- Eddy Gordo in Tekken 6 (2007)
- First game: Tekken 3 (1997)
- Portrayed by: Lateef Crowder
- Voiced by: List Roger Craig Smith (Tekken 6 (Scenario Campaign Cinematics)) ; Takuma (Japanese dub of the Tekken film) ; ? (Tekken Tag Tournament 2) ; D. C. Douglas (Street Fighter X Tekken, English) ; Kenta Miyake (Street Fighter X Tekken Vita: Episode Series, Japanese) ; Marcos Nazareth (Tekken 7 – present) ;
- Motion capture: Marcelo "Caveirinha" Pereira

In-universe information
- Fighting style: Capoeira
- Origin: Brazil
- Nationality: Brazilian

= Eddy Gordo =

Tekken character

Eddy Gordo (エディ・ゴルド, Edi Gorudo) is a fictional character from the Tekken series by Bandai Namco Entertainment (formerly Namco). Eddy is a Brazilian capoeira fighter. Introduced in the 1997 fighting game Tekken 3, Eddy has since appeared in every main game thereafter. He becomes a palette swap for Christie in Tekken 4 and Tekken 5, before becoming a main character in Tekken 6.

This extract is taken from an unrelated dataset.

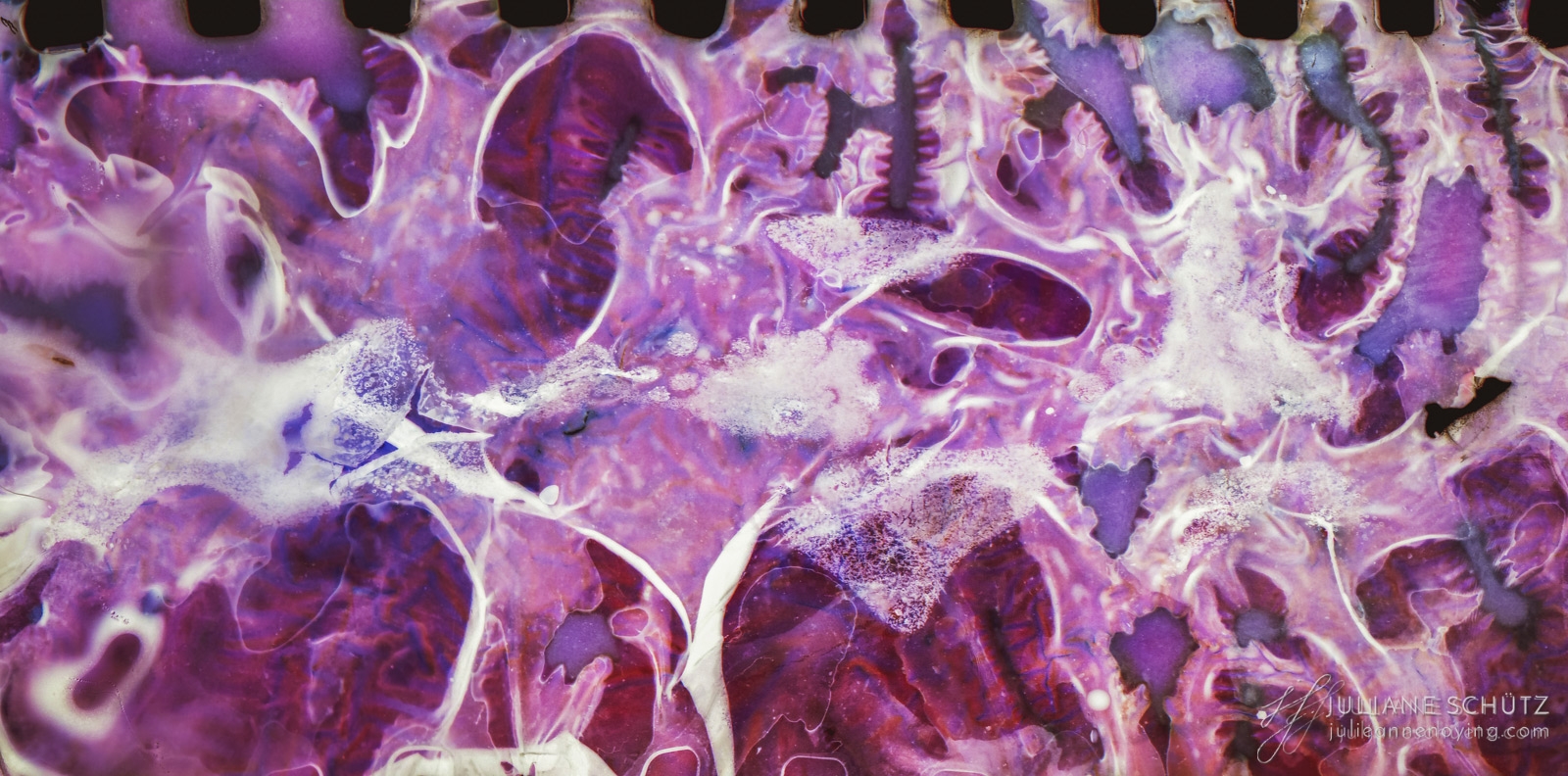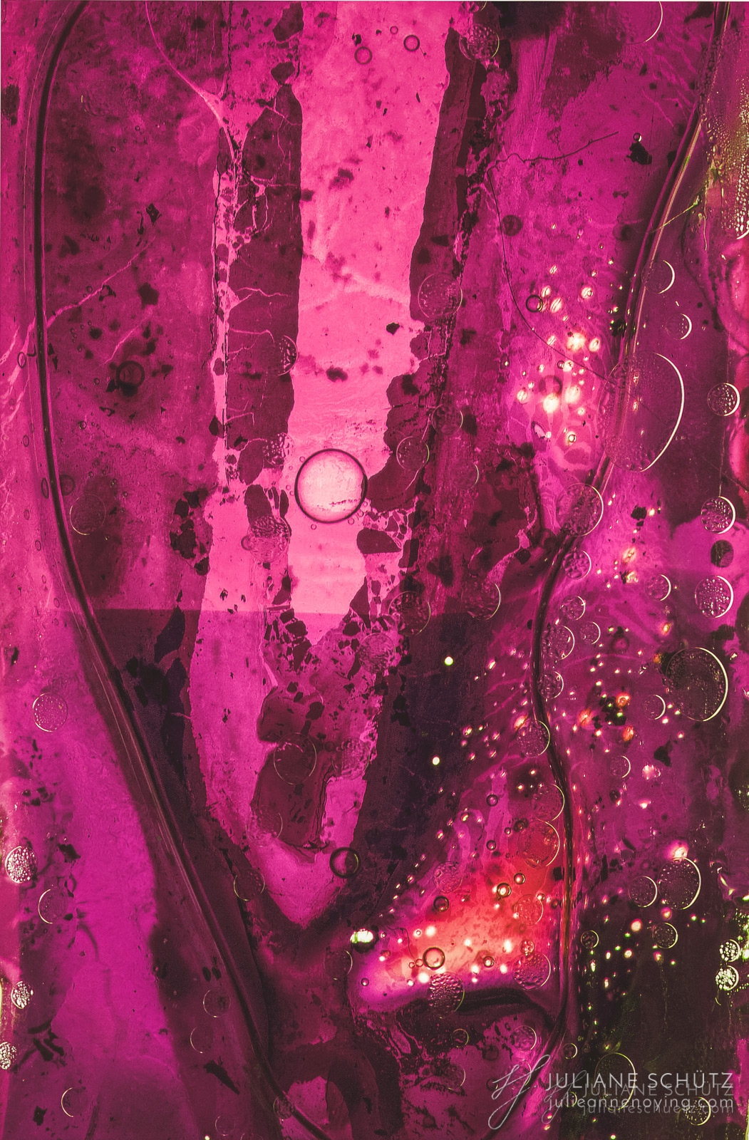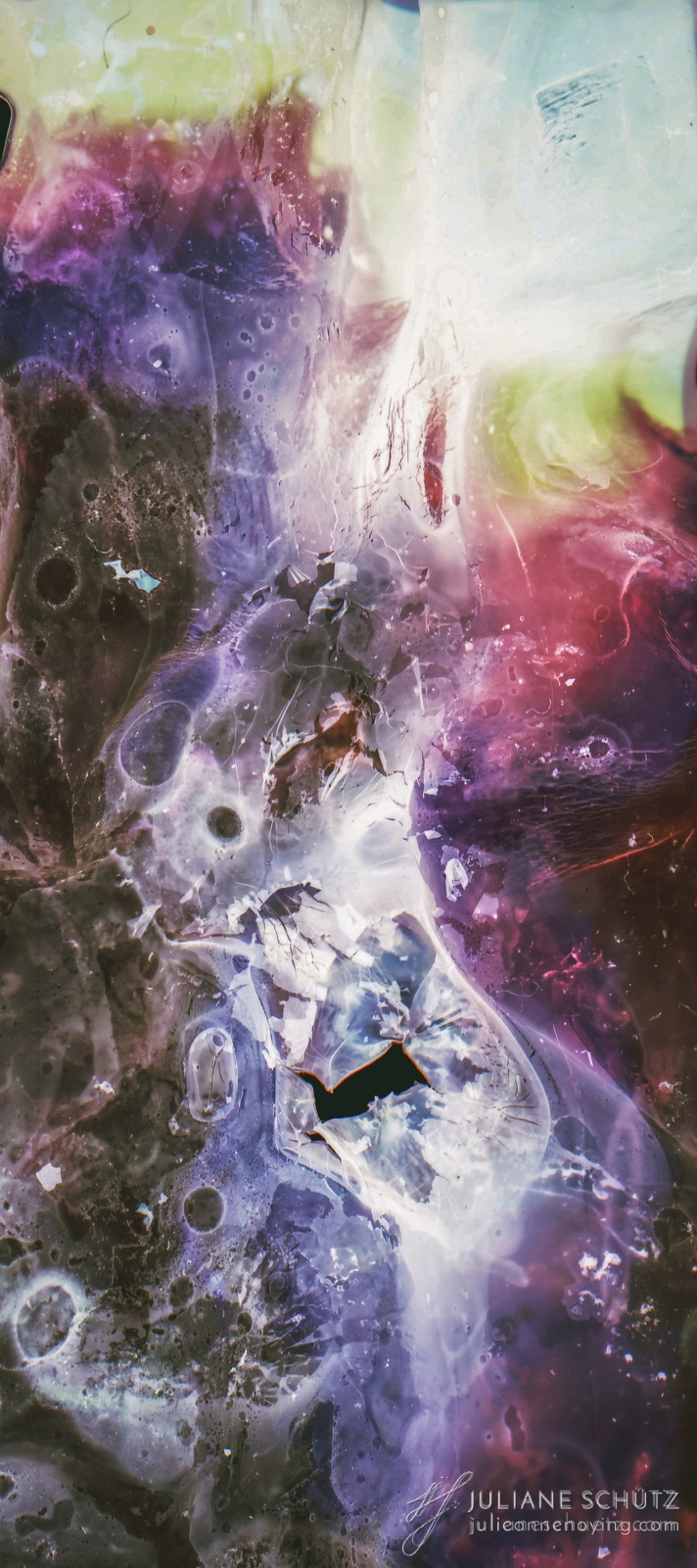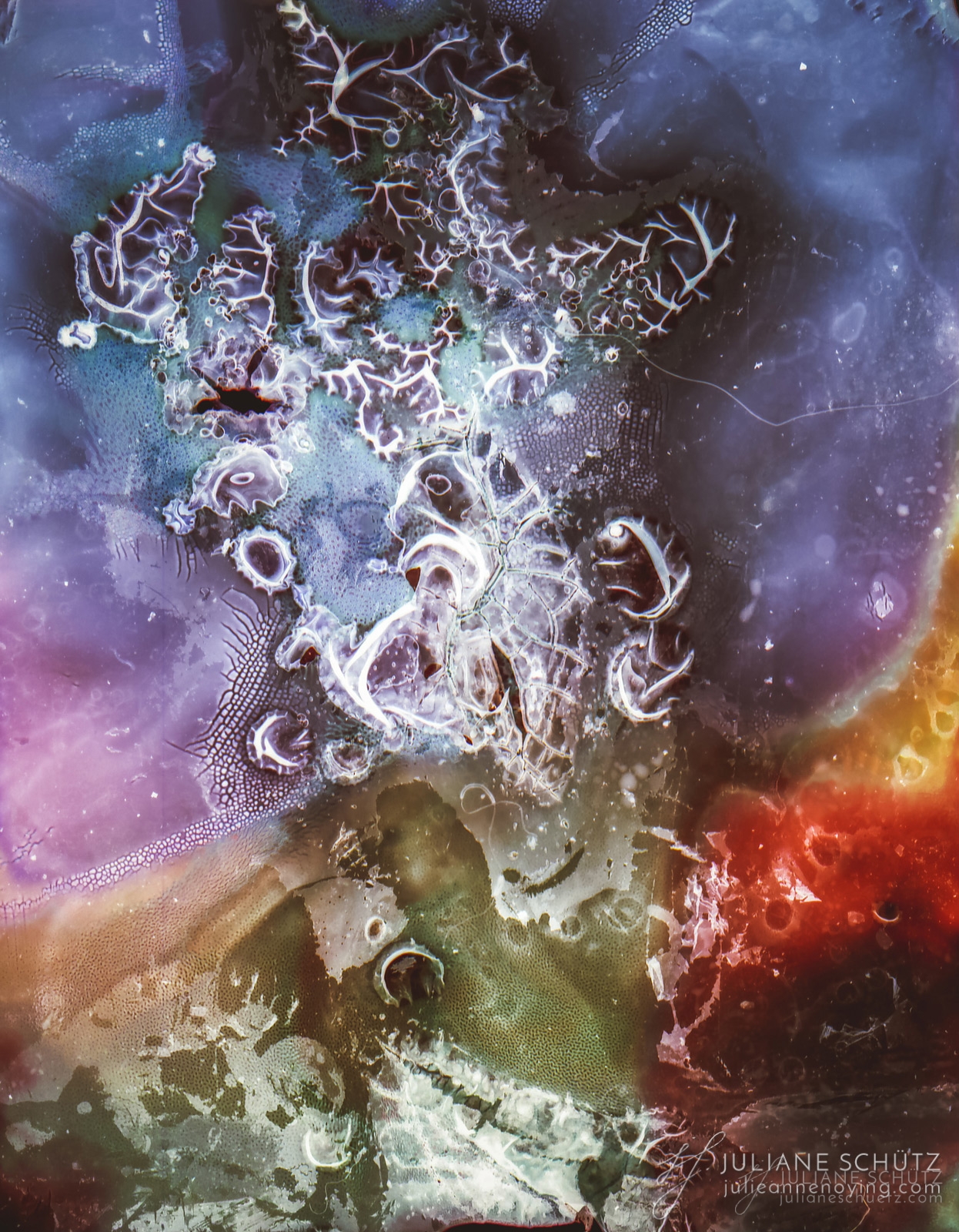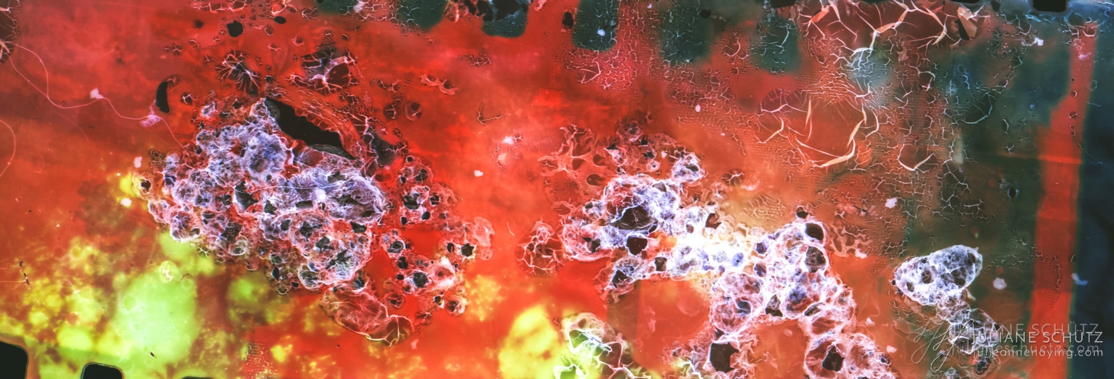 In contrast to normal use where the film is used as a canvas for a photographer's vision of the world, Schütz explores a new and different form of "life" by allowing the film to develop its own form of expression through analog manipulation using household chemicals such as ammonia, vodka, chlorine, acetone, soda and fire.

Eddy's storyline from his debut through Tekken 5 revolved around his quest for revenge for the murder of his parents, culminating in the defeat of Kazuya Mishima during the events of Tekken 5. In Tekken 5 and Tekken 6, Eddy's plot focused on his and Christie Monteiro's search for a cure to an unknown illness that Christie's grandfather, Eddy's Capoeira master, was suffering from. Eddy has received heavy criticism in the fighting game community for the low skill floor associated with his play style; however, the character, along with Christie, has been credited with popularizing the art of capoeira to a new audience within the larger gaming and martial arts community, and has influenced popular culture.

==Character development==
The Tekken 3 development team wanted to include a Capoeira practitioner for Tekken 3 and turned to the development artists to create the character. It was desired by Masahiro Kimoto, one of the game designers of Tekken 3, that the Capoeira character be female but the artist that was tasked with the character's design deemed the female character too difficult to create and instead created Eddy. Kimoto later stated that his favorite character from Tekken 3 was Eddy, because of the challenges in his development.

Mestre Marcelo Pereira, a Brazilian capoeira master, was the motion capture artist for Eddy Gordo in Tekken 3. Pereira stated that Namco had heard of him as a result of his 1995 International Capoeira Seminar held in San Francisco, and that he felt honored in being chosen by Namco to represent Capoeira in Tekken 3. Marcelo Pereira reported that during the development of Tekken 3 he had been injured, as a result the acrobatic movements he performed were restricted. He also claimed that he performed "about 20%" of what he was capable of performing because it was necessary to have "another skillful capoeirista to spar with" to perform some movements in Capoeira. Additionally, Pereira criticized Namco's naming choices for Eddy Gordo and his moves, noting that Eddy is not a Brazilian name and that "Gordo" in Portuguese meant "fat" and the movements' names were not "traditional" like the names he had called them during development.

==In video games==
Eddy Gordo first appeared in Tekken 3 and appeared in the following title, Tekken Tag Tournament. In Tekken 4, Eddy Gordo was initially omitted from the roster and was replaced with Christie Monteiro, another Capoeira practitioner, but appeared as an alternate costume for Christie in the console release, and without serving any purpose in the storyline. Masahiro Kimoto stated that Eddy was replaced because initially, they had intended to create a female Capoeira character in Tekken 3 but instead changed to a male character due to artistic limitations. In Tekken 4, the team was able to successfully create "an attractive female character named Christie" who practiced Capoeira, so they chose to replace Eddy with her. Eddy, once again, served as a character costume swap for Christie in Tekken 5, but became a separate character in the Tekken 5 update, Tekken 5: Dark Resurrection; however, while he did have his own character customizations, his moveset remained identical to Christie's. Eddy Gordo appeared again in Tekken 6, and its update, Tekken 6: Bloodline Rebellion, but his moveset has remained similar to Christie's, only differing in move properties such as speed and distance. Additionally, in Bloodline Rebellion, Eddy serves as the boss for the 28th level of the Scenario Campaign Mode, the "Tekken Force 4th Special Forces Operational Group Compound".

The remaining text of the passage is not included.